Phenomic advances from large-scale electronic health records (EHR) linked to DNA biobanks have pioneered an efficient approach to genetic discovery that has transformed human genetic studies, with the enormous potential to provide constraints on relevant biological mechanisms on a wide spectrum of human phenotypes. Nevertheless, our understanding of the downstream molecular consequences of genetic associations remains limited and impedes our ability to develop novel therapeutic strategies for complex diseases. Given their enormous discovery potential for human genomics and precision medicine, genetic analyses in diverse populations offer unprecedented opportunities to identify causal genetic mechanisms underlying human trait variation. This research proposal aims to address these convergent developments and critical gaps and to exert a powerful influence on efforts to expand our understanding of disease mechanisms and therapeutic possibilities. Here we hypothesize that a comprehensive multi- omic, phenomic, and trans-ethnic computational methodology will provide a robust and rigorous framework. This proposal thus has the following aims:
AIM 1 : Develop a regularized regression based methodology and a deep learning framework to improve characterization of the genetic architecture of gene expression and to build robust prediction models, extending a Transcriptome-Wide Association Study (TWAS) methodology (called PrediXcan) that we developed.

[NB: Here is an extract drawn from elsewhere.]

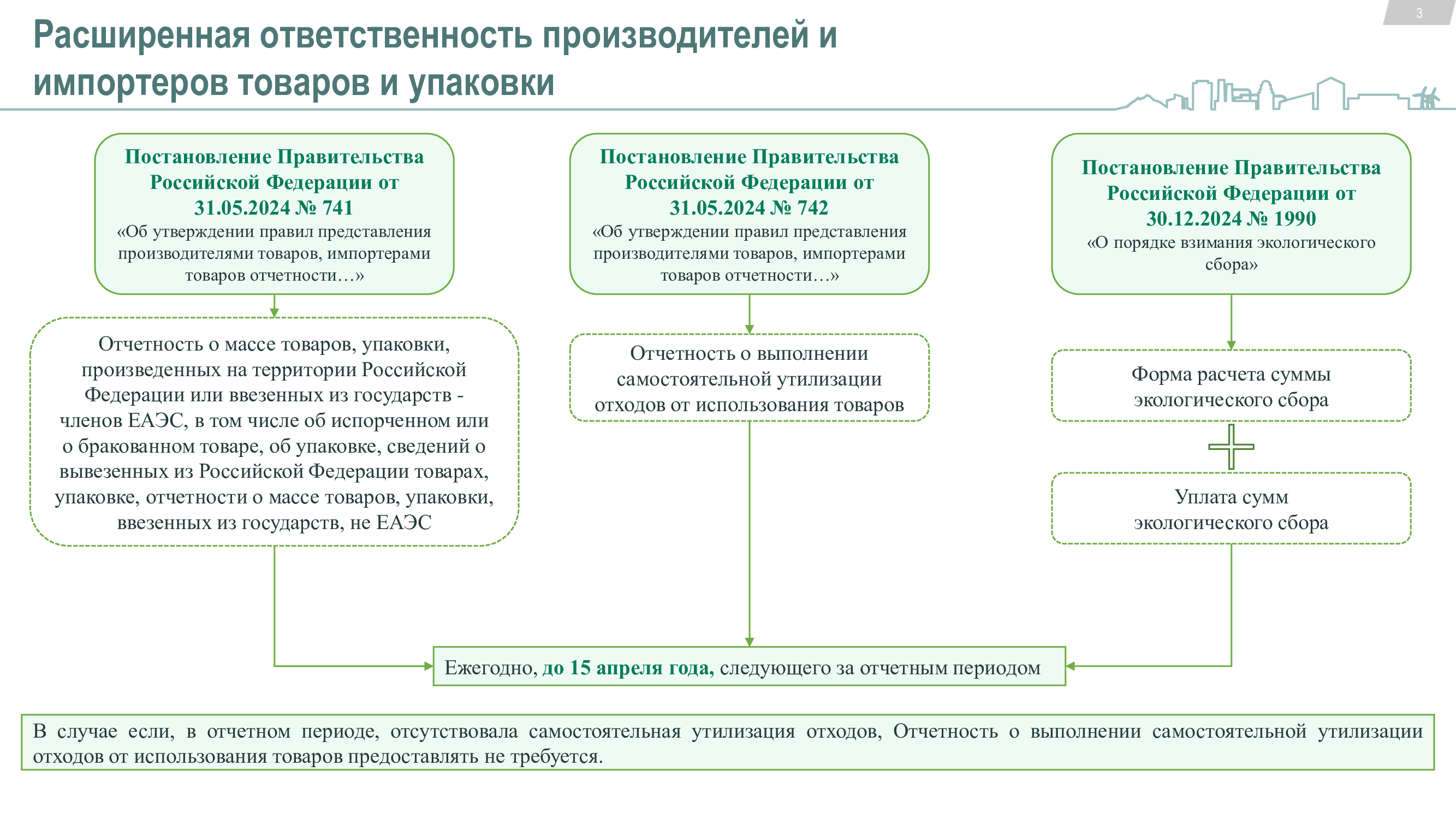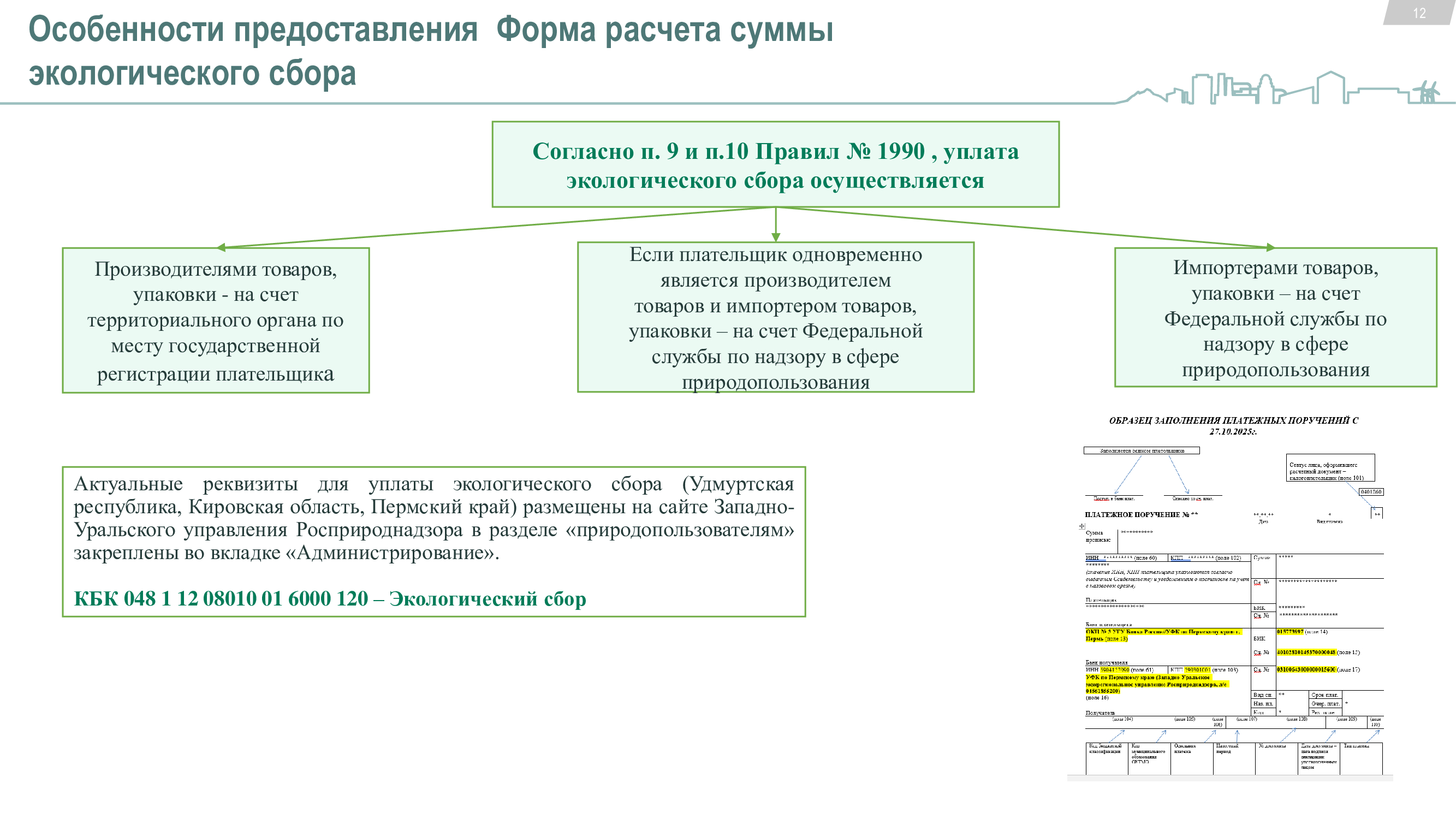 Экологический сбор уплачивается производителями товаров, импортерами товаров, в срок до 15 апреля года, следующего за отчетным периодом.

AIM 2 : Develop statistical causal modeling of trait-associated genetic variation through a convergent TWAS and Mendelian Randomization approach and apply it to thousands of human traits with available GWAS and EHR data.
AIM 3 : Develop analytic approaches and software tools to further genetic analyses in admixed and multi-ethnic populations and to lay the groundwork for trans-ethnic multi-omic methodologies, using EHR data (e.g., BioVU, UK Biobank, All of Us).
We will develop a comprehensive multi-omic, phenomic, and trans-ethnic computational methodology that bridges the gap between Genetic Epidemiology and Functional Genomics. This research provides a rigorous framework for investigating relevant mechanisms underlying complex traits, including disease risk and quantitative traits. We will leverage and integrate high- dimensional molecular data, electronic health records, and genetic studies in diverse populations.